Projects in Ireland and Germany are preparing the future tools of multi-tasking and real-time biological analysis. The use of these tools is as easy as getting dressed, with the required electronics and software being eventually integrated into clothes and clothing accessories.
Researchers involved in the Biotex project in Dublin are searching for an appropriate method to analyse perspiration. Their newest prototype has built-in bio-chemical sensors, which measure such properties as the saltiness, acidity and temperature of a person's sweat, giving insight into the subject's state of health. The data is then sent wirelessly to a computer. The prototype is a piece of fabric with a fluidic channel, along which a pH sensor, conductivity sensor, sodium sensor and temperature sensors are set. The design provides much more reliable data than in the past, as it enables a continuous flow of fresh sweat through the sensors. This is very important since the chemical composition of sweat changes with time.
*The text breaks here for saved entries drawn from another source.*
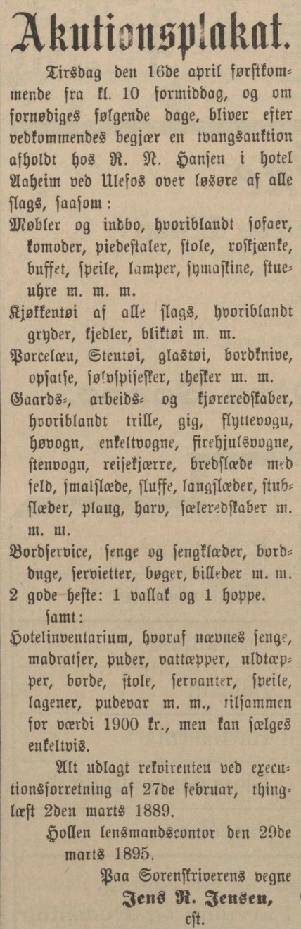 Hotell Aaheim ska gå på auksjon i april 1897.
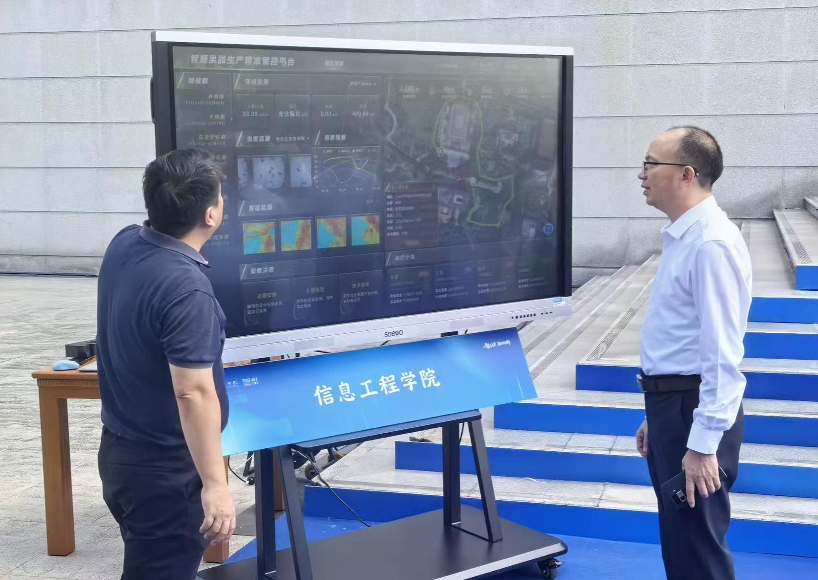 韶关学院副校长郭会时以及相关专家领导现场观摩演示,对智慧果园生产精准管控平台的应用成效给予高度评价。郭校长指出,该平台实现了信息技术与农业生产的深度融合,是农工协同创新应用的典范,展现了高校科研团队在服务现代农业发展中的创新实践与社会担当。郭校长希望借此次交流,推动双方在智慧农业领域开展更为广泛的合作与联合研究。
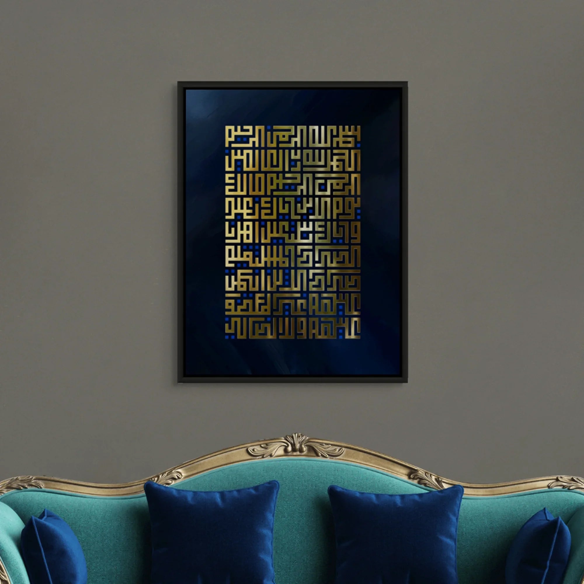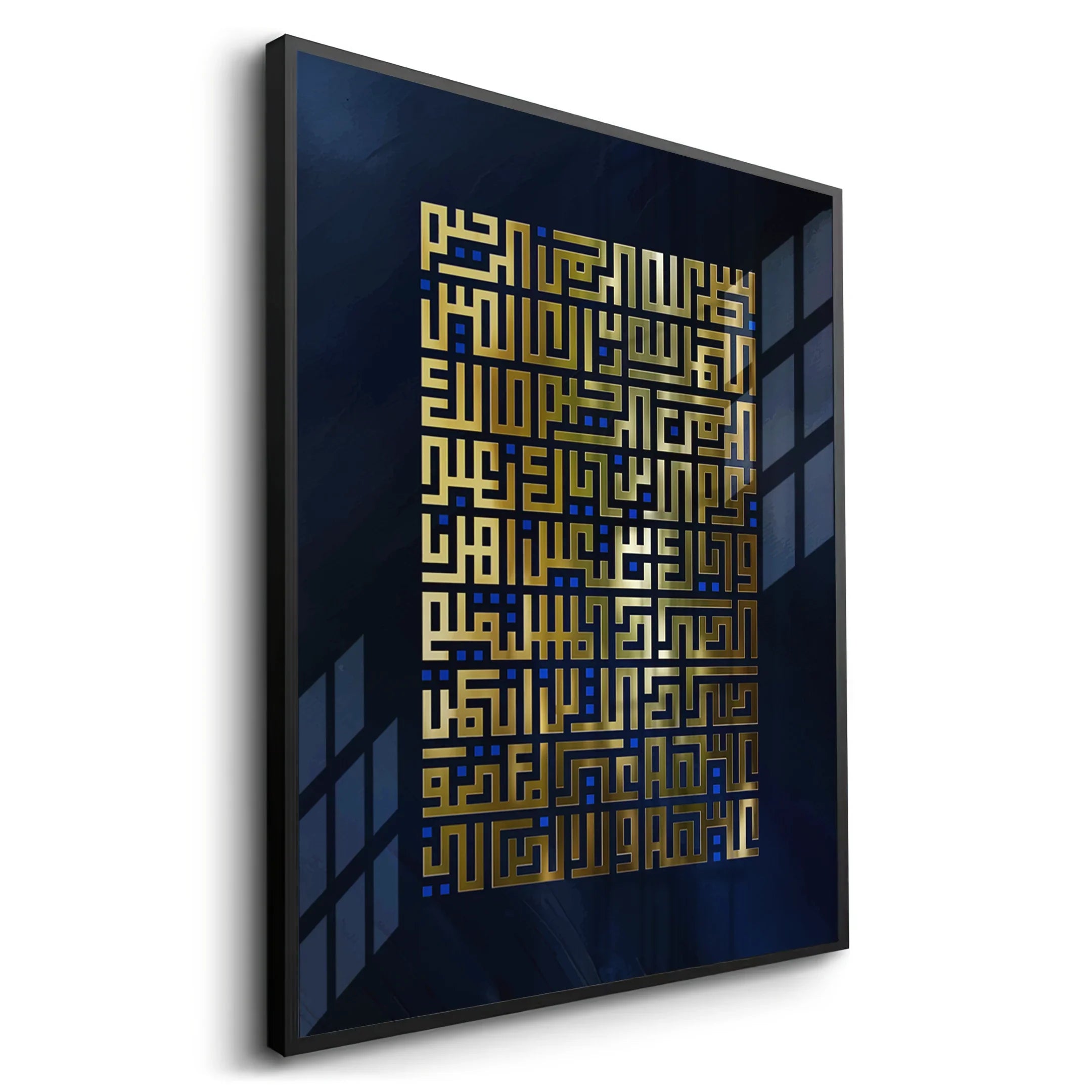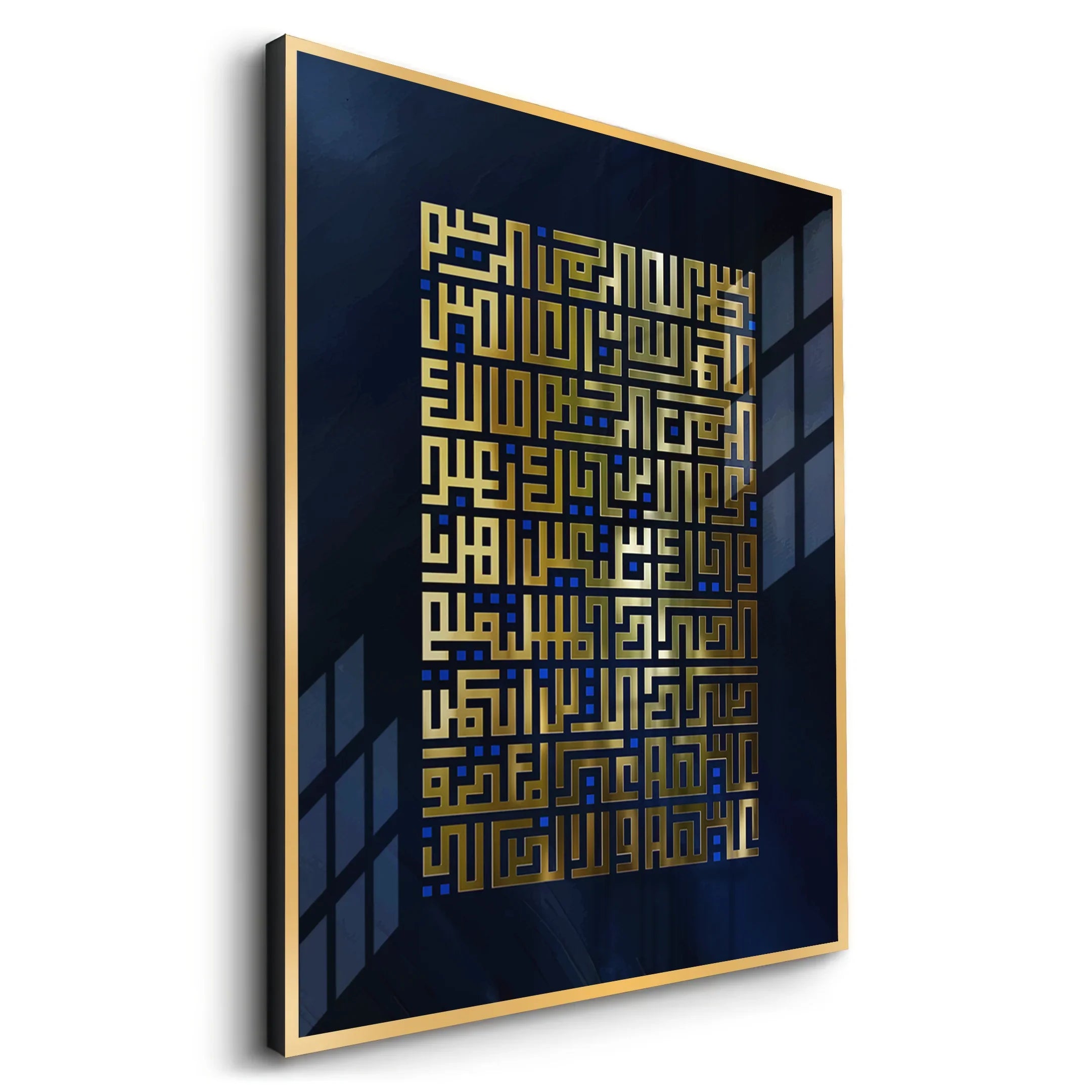 Add spiritual elegance to your space with this beautiful wall art featuring Surah Fatihah in Arabic Kufic calligraphy. Gold leaf foil elevates the design, making it an ideal piece for your home.
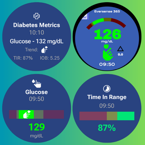 Purpose-built watch faces designed around diabetes data—not retrofitted widgets. Glucose, insulin, and trend arrows are integrated directly into the face for true at-a-glance awareness.
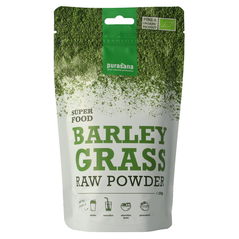 Purasana Barley Grass poeder wordt gewonnen uit jong, vers gerstegras. Na het oogsten wordt het gelijk gedroogd en verwerkt. Hierdoor is het 100% puur, raw en biologisch poeder zonder toevoegingen. Gerstegras poeder is van nature rijk aan vitaminen, mineralen, eiwitten, vezels, chlorofyl (bladgroen) en carotenoiden.
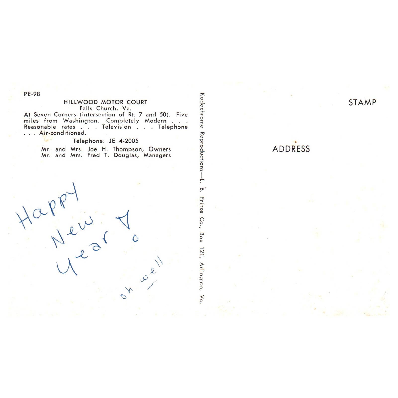 Hillwood Motor Court Falls Church Virginia Joe H. Thompson Fred T. Douglas - Postcard TJ8-1

This wearable technology will be of great benefit to the sports industry. The biochemical engineers are now looking at integrating their prototype into a T-shirt together with other sensors, providing a complete physiological overview of a person while they train or exercise. Products like smart shoes or T-shirts with sensors could provide a complementary function to traditional testing methods such as blood testing. The technology could therefore be used against sports doping, or for physiotherapists and trainers to observe the physical state of their athletes.
The technology could also be applied to medicine, for example, to continuously monitor diabetics or cystic fibrosis sufferers. But difficult problems still exist in integrating soft textiles with hard electronics and even with chemicals.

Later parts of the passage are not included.